Recent innovations present tremendous opportunities for Molex and our customers to work together to close these research gaps. A survey conducted by Molex with third-party research firm, Dimensional Research, shows that nearly 90% of pharmaceutical companies believe that digital drug delivery is “very” or “extremely” important and can help improve patient outcomes. The digitization of drug delivery could help close the research gaps making it possible, for their data to be collected and ultimately used to fuel drug development with patient consent. Indeed, through digital drug delivery, researchers could potentially reach out to and collect data from many more patient populations and correlate the data for meaningful insights, with a sharper focus on underserved communities. The ability to gather data to understand and adapt or develop new drugs for rare diseases also has the power to be life changing, providing insight into groups that have previously been difficult to run clinical studies on. With these new insights, pharmaceutical companies could potentially develop new drugs for previously untreated poorly understood diseases.  

While the industry will continue to rely on established approaches to research, such as clinical trials, Molex is also committed to collaborating with our customers on digital drug delivery as a new way to improve patient outcomes. Using AI and machine learning, clinicians, researchers, and other stakeholders can perpetually achieve more precise insights into how drugs, delivery systems, and other healthcare devices and technologies need to be adapted to best treat each individual.

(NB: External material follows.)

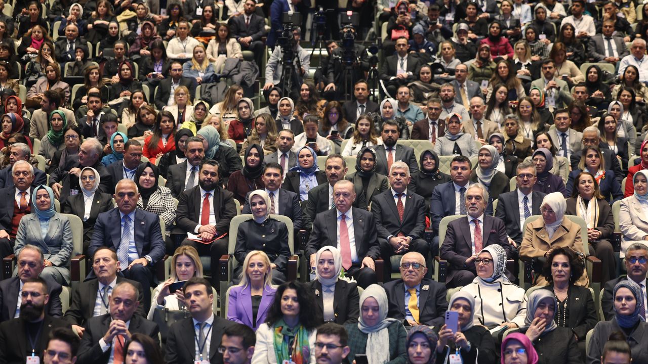 Cumhurbaşkanı Erdoğan, nüfusun arttığını ancak nüfus artış hızının azaldığına vurgu yaparak, "Toplam doğurganlık oranı nüfusun kendisini yenileme seviyesinin altında gerçekleşiyor. TÜİK'in açıkladığı verilere göre geçtiğimiz yıl ölçülen toplam doğurganlık hızı 1,48. Şu anda bir felaketi yaşıyoruz. Bu oran nüfusun kendisini yenileme düzeyi olan 2,10 bandının çok altında. Geleceğimiz açısından alarm zilleri hem de çok yüksek sesle çalıyor. Bu ülkenin istikbalini düşünen hiç kimse buna kayıtsız kalamaz. 2022 yılı verilerine baktığımızda istihdamda olan kadınların toplam doğurganlık hızının 1,38, istihdam sürecinde yer almayan kadınların toplam doğurganlık hızının ise 1,72 olduğunu görüyoruz. Yani çalışma hayatının doğurganlık hızı üzerinde sınırlı bir etkisi olduğu, istihdamda olmayan kadınların da çocuk sayısının düştüğü ortaya çıkıyor. Bundaki temel etken, hiç şüphesiz şehirde kadınların giderek daha fazla yalnızlaşmasıdır. Beyler alınmasın, kusura da bakmasın ama kadınlar çocuk yetiştirme noktasında çoğu zaman eşlerinden gerekli desteği göremiyor. Yükün büyük bir bölümü maalesef kadınların omuzlarına yükleniyor. Çocukların kendisiyle birlikte ailesine, topluma ve insanlığa faydalı birer fert olarak yetişmesinde anneler kadar babalara da sorumluluk düşüyor. Bilimsel araştırmalarda ebeveynlerin evlatlarına ortak ilgi göstermesinin eğitim öğretimin yanı sıra çocukların hayatın her alanında başarı düzeyini artırdığını gösteriyor. Dolayısıyla buradan evlat sahibi tüm babalarımıza eşlerine daha fazla yardımcı olmaları daha fazla destek olmaları özellikle çocuklarıyla daha nitelikli zaman geçirmeleri çağrısında bulunuyorum" dedi.

Data and insights captured with consent via digital drug delivery, can advance innovation and accelerate the simultaneous development of multiple alternative medicines. With deep learning and more precise patient insights, pharmaceutical companies can simulate different scenarios and patients’ reactions to new drugs. Each of these simulations generates a new data set from which researchers can perpetually build their understanding of specific patient populations and individual patients. Such simulations can help create new targeted efficiencies in clinical drug trials, speeding up the time to market for new medicines. With access to wider and more inclusive data sets for a wide range of common or rare diseases, pharmaceutical companies will deepen their understanding of and sharpen their ability to meet the healthcare needs of previously underserved populations.  

Molex and Phillips-Medisize are working closely with our customers to eliminate health care disparities. We share their mission to develop life-saving diagnostics and therapies and address the needs of all patients, including those who have been underserved for too long. We urge our customers to make the best uses of AI and machine learning to ensure understanding of the precise healthcare needs of each patient. Together, we can make real a future where healthcare is truly equitable for all communities and for every individual.